■ **TASK DESCRIPTION**:
Given these entries, repeat exactly the lines starting with the one that has "12月4日,西華縣址坊鎮(z" and going on through the one that has "3、可以查看股市行情,板块指", both included, but none of the pictures.

■ **RECORDS FOR PROCESSING**:
★ ★ ★ ★

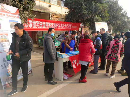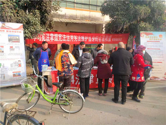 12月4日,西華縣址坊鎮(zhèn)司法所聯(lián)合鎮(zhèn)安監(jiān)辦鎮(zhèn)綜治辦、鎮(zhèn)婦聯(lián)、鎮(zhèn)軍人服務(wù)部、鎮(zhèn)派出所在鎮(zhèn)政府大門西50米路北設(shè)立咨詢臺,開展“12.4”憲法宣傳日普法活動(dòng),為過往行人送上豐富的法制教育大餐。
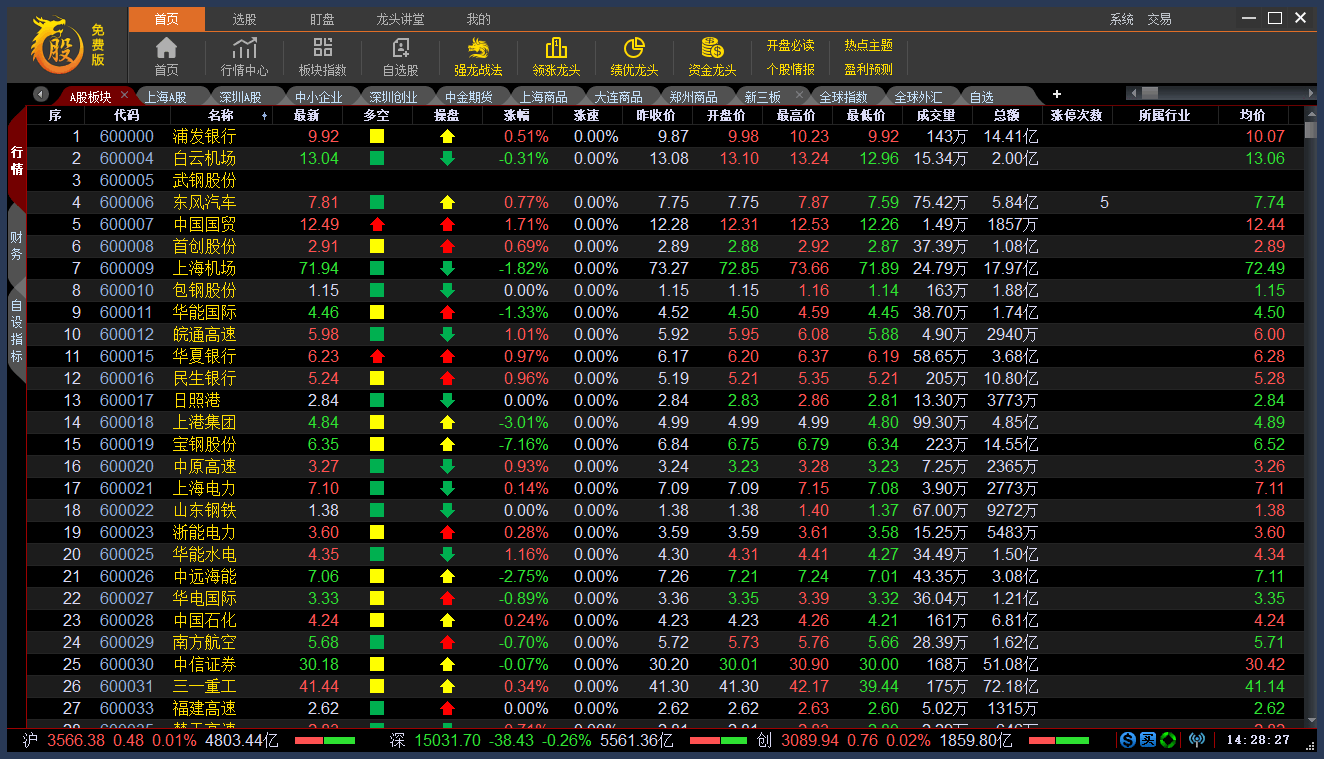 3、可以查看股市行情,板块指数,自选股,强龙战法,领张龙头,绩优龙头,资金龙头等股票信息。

★ ★ ★ ★

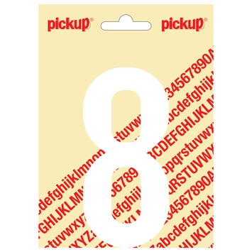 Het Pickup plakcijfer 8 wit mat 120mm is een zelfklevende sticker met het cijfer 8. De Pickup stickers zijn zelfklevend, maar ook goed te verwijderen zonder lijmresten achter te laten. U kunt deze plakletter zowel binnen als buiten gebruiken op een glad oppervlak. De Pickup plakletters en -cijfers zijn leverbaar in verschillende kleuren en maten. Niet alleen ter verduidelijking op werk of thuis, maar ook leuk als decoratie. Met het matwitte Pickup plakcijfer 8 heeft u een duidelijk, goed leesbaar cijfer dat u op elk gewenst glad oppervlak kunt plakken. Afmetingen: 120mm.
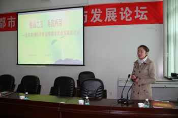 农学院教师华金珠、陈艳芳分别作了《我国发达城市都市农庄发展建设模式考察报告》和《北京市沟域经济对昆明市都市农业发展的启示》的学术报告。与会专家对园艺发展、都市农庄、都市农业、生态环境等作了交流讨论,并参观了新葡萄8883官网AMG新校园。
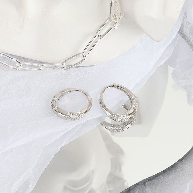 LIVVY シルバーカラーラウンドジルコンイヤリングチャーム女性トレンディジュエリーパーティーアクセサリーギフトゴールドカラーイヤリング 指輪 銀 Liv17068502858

★ ★ ★ ★

■ **SOLUTION TO THIS TASK**:
 12月4日,西華縣址坊鎮(zhèn)司法所聯(lián)合鎮(zhèn)安監(jiān)辦鎮(zhèn)綜治辦、鎮(zhèn)婦聯(lián)、鎮(zhèn)軍人服務(wù)部、鎮(zhèn)派出所在鎮(zhèn)政府大門西50米路北設(shè)立咨詢臺,開展“12.4”憲法宣傳日普法活動(dòng),為過往行人送上豐富的法制教育大餐。
 3、可以查看股市行情,板块指数,自选股,强龙战法,领张龙头,绩优龙头,资金龙头等股票信息。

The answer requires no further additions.